(EXERCISE DATA Opens)

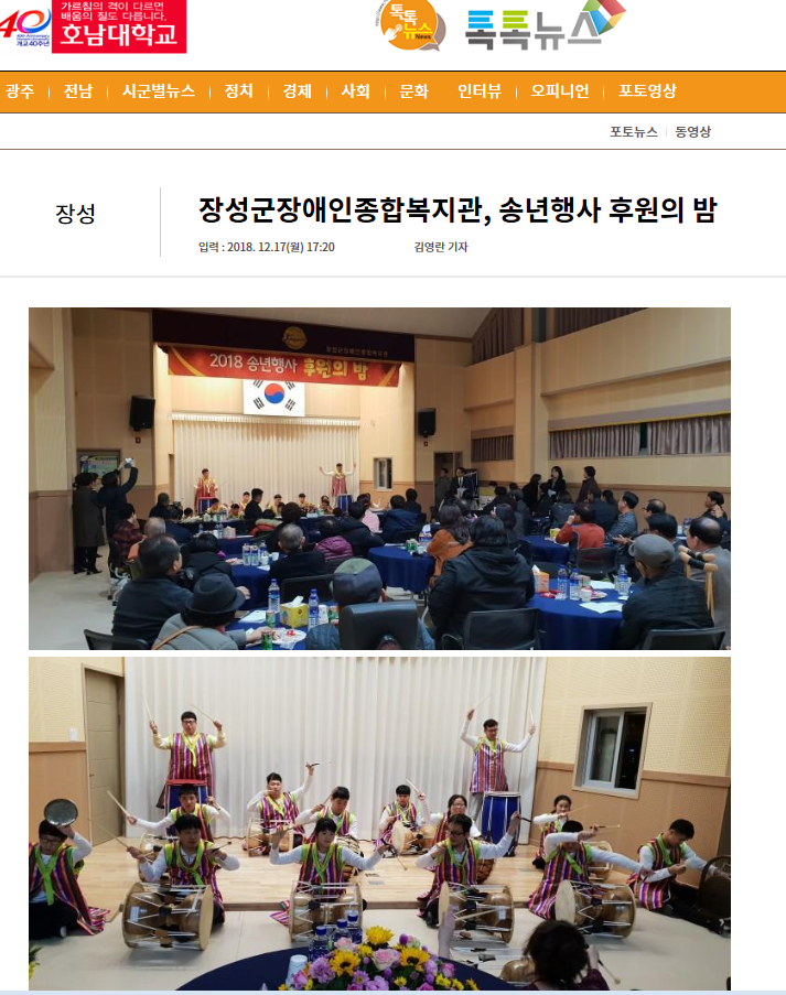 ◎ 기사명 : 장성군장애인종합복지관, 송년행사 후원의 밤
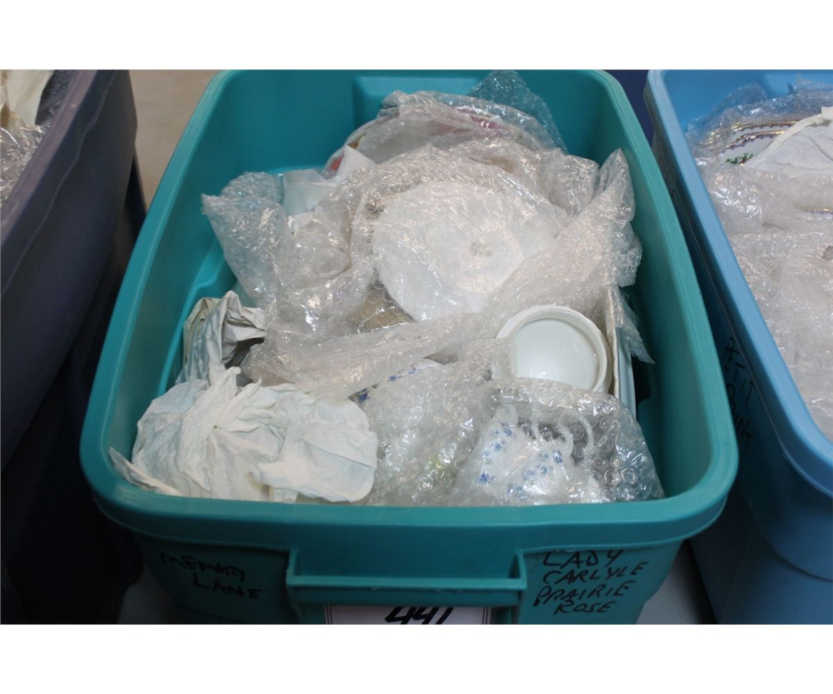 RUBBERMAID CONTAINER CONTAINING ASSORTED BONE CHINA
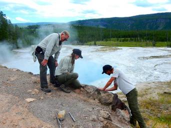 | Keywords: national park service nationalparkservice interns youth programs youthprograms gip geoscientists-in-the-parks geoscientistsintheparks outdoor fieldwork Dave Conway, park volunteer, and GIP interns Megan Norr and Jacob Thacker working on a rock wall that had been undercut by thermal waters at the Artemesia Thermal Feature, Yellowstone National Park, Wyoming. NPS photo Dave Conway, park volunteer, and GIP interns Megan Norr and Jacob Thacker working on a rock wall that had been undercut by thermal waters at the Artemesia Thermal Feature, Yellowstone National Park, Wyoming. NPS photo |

(EXERCISE DATA Closes)

### TASK DIRECTIONS:
Skip the pictures and restate exactly the lines from the beginning of the listing to the line with "RUBBERMAID CONTAINER CONTAINING", that line included.

### WRITTEN ANSWER:
 ◎ 기사명 : 장성군장애인종합복지관, 송년행사 후원의 밤
 RUBBERMAID CONTAINER CONTAINING ASSORTED BONE CHINA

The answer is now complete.